For the IMITA device, tumour cells were isolated from PDXs, seeded into the device, and perfusion cultured for 24 h before initiating drug treatment for 3 days at 8 concentrations ranging from 0 to 500 μM. This range of drug concentration was chosen to include the maximum serum concentration (Cmax) values of the 5 SOC drugs in human, which range from 4.96 µM for (OXA) to 426 µM (5-FU) (Liston and Davis, 2017). The drug exposure period was chosen to represent the mean time period of drug screening models in microfluidic tumour cultures (Oleaga et al., 2016; Gheibi et al., 2017; Pandya et al., 2017; Virumbrales-Muñoz et al., 2019). The assay readout to assess drug responsiveness was selected to balance between accuracy of measuring anti-tumour effects and amenability to high throughput drug screening operations. To this end, we imaged and quantified cell viability of each spheroid using 2D wide-field fluorescence imaging as readouts to indicate for drug responses. Measurement of drug-induced changes in tumour cell viability is widely employed as a readout in drug screening studies (Green and Leeuwenburgh, 2002; Kim et al., 2012; Dereli-Korkut et al., 2014). Moreover, by measuring tumour cell viability instead of changes in tumour spheroid size, we can overcame a problem encountered by previous studies on microfluidic tumour spheroid cultures, whereby a portion of dead cells can remain lodged within the spheroids, and in turn result in false negative results (Gheibi et al., 2017) (Figure 3B). Quantification of spheroid viability was performed using 2D projection fluorescent intensity images to reduce the image acquisition and processing time per sample. We have previously verified that quantification results from 2D projection images of cell viability staining in 3D tumour spheroids concurred well with 3D volumetric quantification results obtained from 3D confocal image stacks (Ong et al., 2020). Using this assay readout, we could obtain response data from over 600 test samples (i.e., 5 drugs × 32 chambers per device × 4-5 devices per drug) within a relatively short period of time to generate the dose response curves of each SOC drug. This allows for the estimation of IC50 values, which were used as the primary parameter to indicate anti-tumour efficacies of the SOC drugs, where a lower IC50 indicates for higher anti-tumour efficacy.

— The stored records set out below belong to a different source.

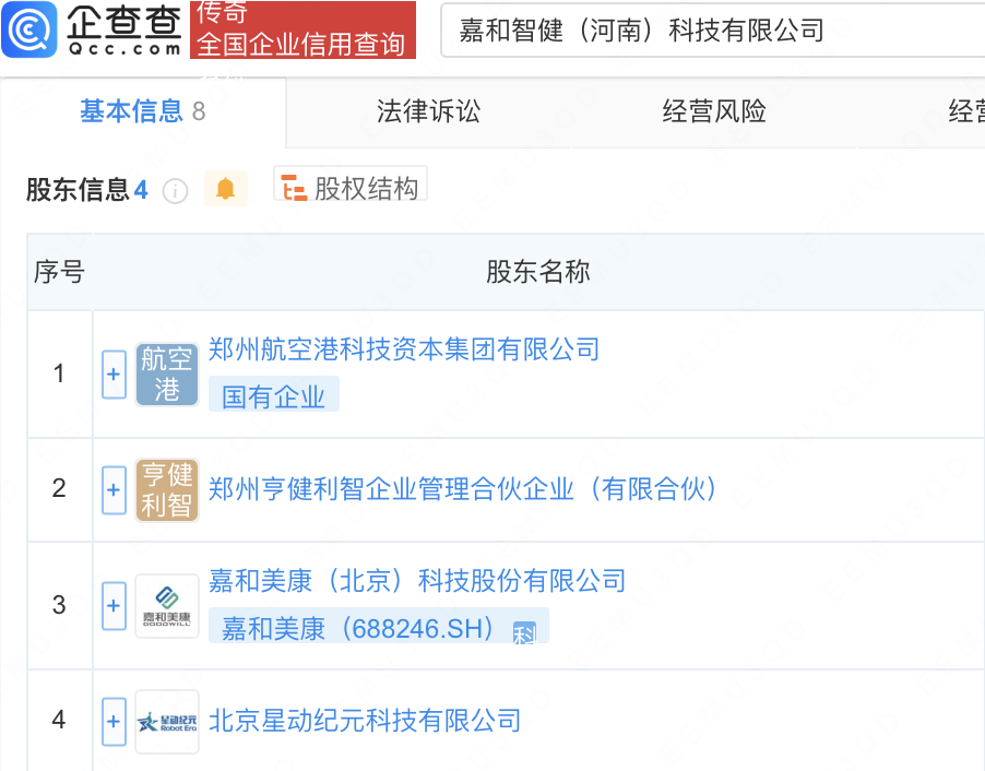 企查查APP显示,近日,嘉和智健(河南)科技有限公司成立,注册资本1亿元,经营范围包含:智能机器人的研发;人工智能基础软件开发;人工智能理论与算法软件开发;人工智能应用软件开发等。企查查股权穿透显示,该公司由嘉和美康(688246)、北京星动纪元科技有限公司等共同持股。
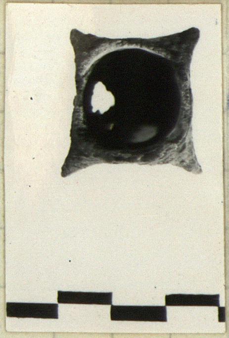 | Description: | Partly disintegrated on one side. Each of four sides concave, three are inscribed. Butt tapers at one end, hole for insertion of spear shaft on other. Bronze(?) | |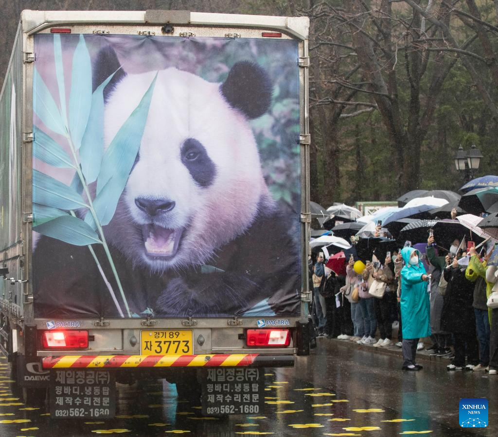 People bid farewell to giant panda Fu Bao amid rain at Everland in Yongin, South Korea, April 3, 2024. Beloved Fu Bao, the first giant panda born in South Korea, left South Korea for China on Wednesday amid a large crowd's tearful farewell. Thousands of panda lovers gathered at Everland, the country's largest theme park in Yongin, about 40 km south of the capital Seoul, to say goodbye to the country's top panda celebrity. (Xinhua/Yao Qilin)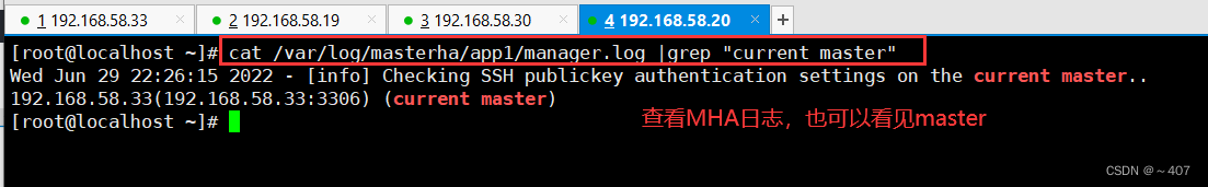 查看 MHA 日志,也以看到当前的 master 是 192.168.58.33,如下所示。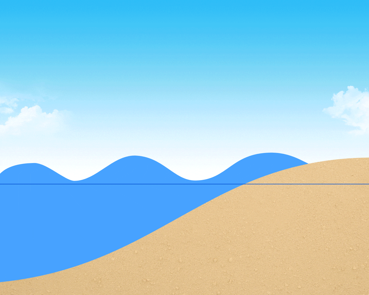 Le système de drainage Ecoplage® repose donc sur le principe d’infiltration de l’eau dans un milieu poreux (le sable), non saturé en eau. Cette méthode crée un écoulement de l’eau de mer de la surface de la plage en direction du drain entraînant ainsi un rabattement de la nappe phréatique.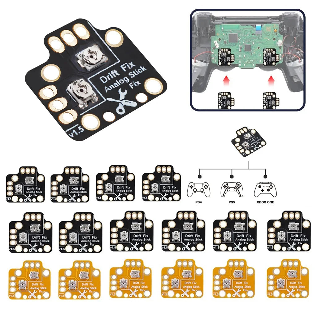 Este dispositivo es un módulo de reparación para el drift de joysticks analógicos diseñado para controles de consolas como PS4, PS5 y Xbox One.

We observed differential responses for SOC chemotherapies across the IMITA devices housing PDX tumours derived from different CRC patients (Figures 4A–C). For all cases, the PDX tumour spheroids from CRC935, CRC1030 and CRC1414 did not respond to single Oxaliplatin (OXA) and 5-fluorouracil (5-FU) treatments but had improved sensitivities when both drugs were combined (5-FU + OXA). These observations are in agreement with previous clinical studies reporting better objective response and patient survival rates with combinatory drug treatments (Goldberg et al., 2007). Notably, the extent of sensitivity towards 5-FU + OXA treatment was variable between the 3 patients. Patients CRC935 and CRC1414 showed more than 50% reduction in tumour viability at drug concentrations above 68.53 μM and 225 μM, respectively. However, CRC1030 was more resistant and still had ∼50% tumour viability when treated at the highest (i.e., 500 μM) drug concentration (Figure 4B). Irinotecan (CPT11) was more effective as a single-drug treatment compared to OXA or 5-FU. Patients CRC1030 and CRC1414 were more sensitive to the CPT11 treatment, where tumour viability dropped to below 50% at drug concentrations as low as 207 μM and 114 μM, respectively, whereas CRC935 required a slightly higher concentration of 326.3 μM to reduce tumour viability to below 50% (Figure 4A). Notably, combination of CPT11+5-FU (5-FU/IRI) did not confer additional anti-tumour efficacy compared to the CPT11 treatment alone, except for CRC1414 (Figure 4C). Overall, we observed variability in the drug responses measured from the IMITA devices for different patients. This variability indicates the IMITA devices could maintain the patient-specific tumour characteristics of PDX cells, and therefore their drug responses over a period of 4 days.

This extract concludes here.